The Pope said that the message of the newly canonized Opus Dei founder is to stand up to “a materialist culture that threatens to dissolve the most genuine identity of the disciples of Christ.”

The Holy Father pronounced the formula of canonization for the Spanish priest at 10:23 a.m. in St. Peter’s Square. Pilgrims who filled the square and adjacent streets responded with an emotional but restrained applause.

After the proclamation, the Pope was given a relic of Monsignor Escrivá. A huge portrait of the new saint surrounded by flowers adorned the principal facade of St. Peter’s Basilica.

This year marks the centenary of the birth of Josemaría Escrivá, on Jan. 9, 1902, in Barbastro, northern Spain. He died in Rome on June 26, 1975.

The Pope described the saint’s teaching as “timely and urgent,” as he always said that a Christian, “by virtue of his baptism, which incorporates him to Christ, is called to embrace an uninterrupted and vital relation with the Lord.”

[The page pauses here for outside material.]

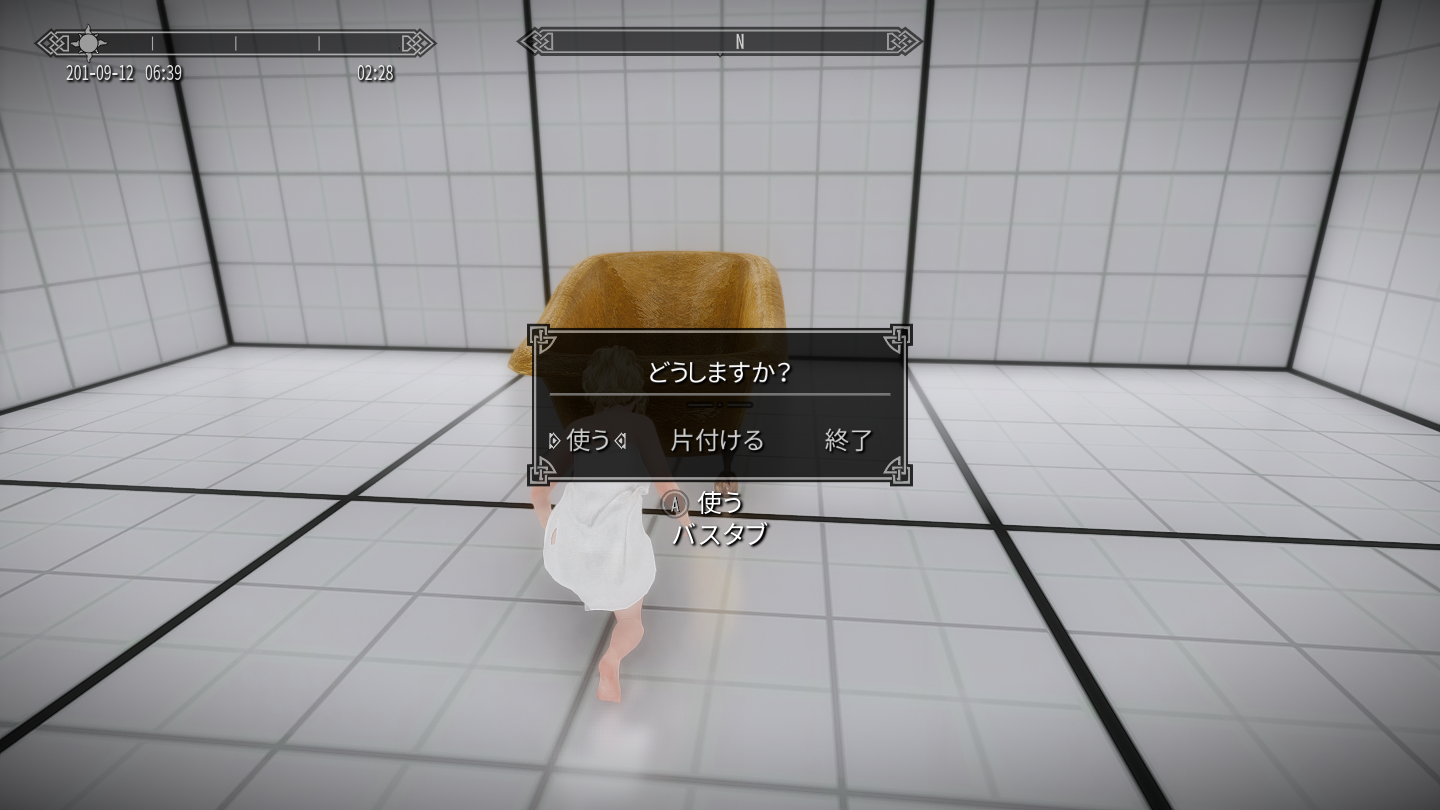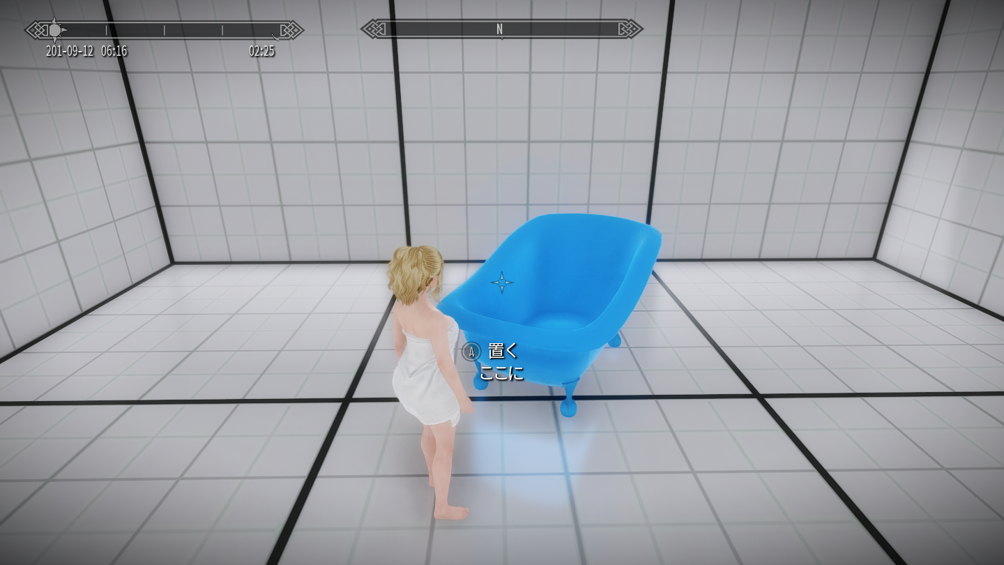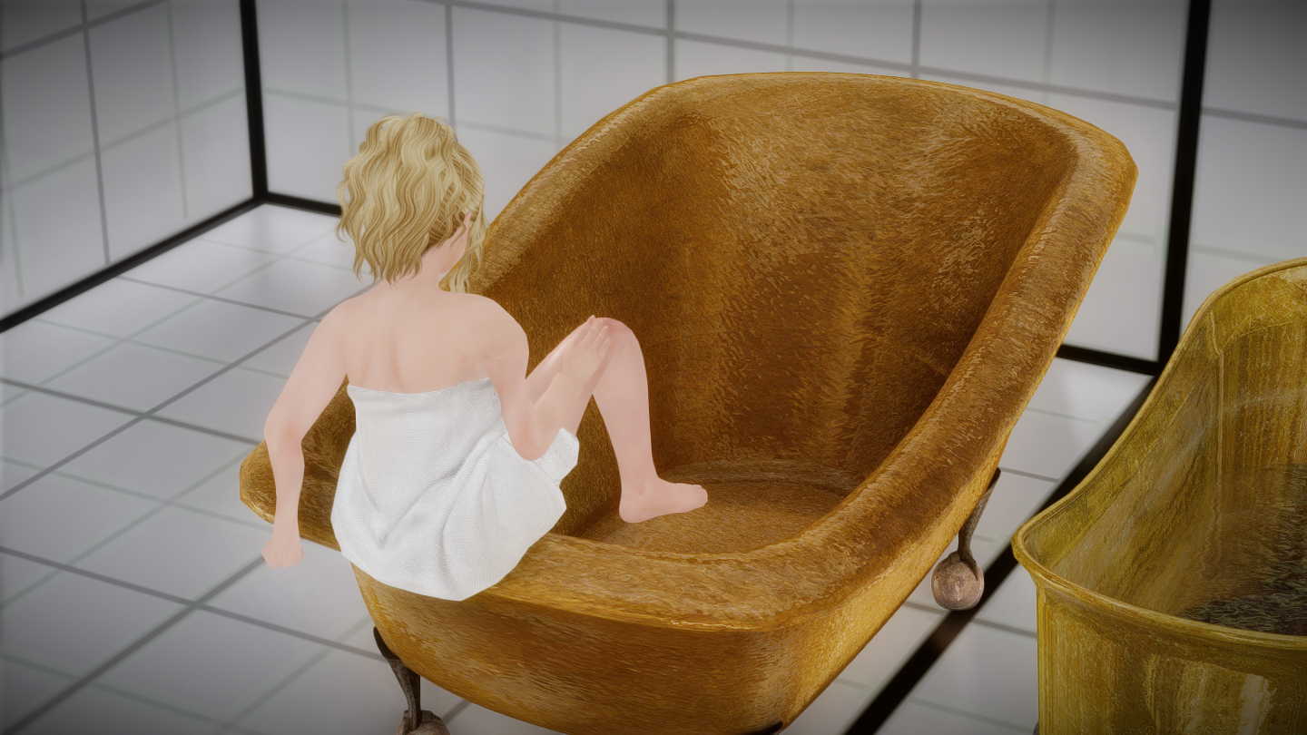 浴槽の中で、アニメーション付きで身体を洗うことができます。この際に石鹸を使用するかどうか選べます。石鹸を使用しない(手持ちにない)場合もアニメーションが再生されます。

The believe “is called to be holy and to collaborate in the salvation of humanity,” the Pope emphasized. Escrivá proclaimed the same message in the years before the Second Vatican Council, when holiness was considered by many to be strictly the concern of priests and men and women religious.

Addressing Opus Dei members, John Paul II asked them to “raise the world to God and transform it from within,” following “the ideal that the holy founder indicates to you.”

“Following in his footsteps, spread in society, without distinction of race, class, culture or age, the awareness that we are all called to holiness,” he said. But the Holy Father recalled the advice of Escrivá: “first, prayer; then, expiation; in the third place, very much in third place, action.”

“It is not a paradox but a perennial truth: The fruitfulness of the apostolate is above all in prayer and in an intense and constant sacramental life,” the Pope said. “This is, in essence, the secret of holiness and of the authentic success of the saints.”

Monsignor Escrivá was proclaimed blessed on May 17, 1992, in a ceremony also held in St. Peter’s Square.

Since the institution in 1588 of what is now called the Congregation for Sainthood Causes, until the start of John Paul II’s pontificate, there were 296 saints canonized. John Paul II has canonized an additional 468 saints and has proclaimed 1,294 blessed.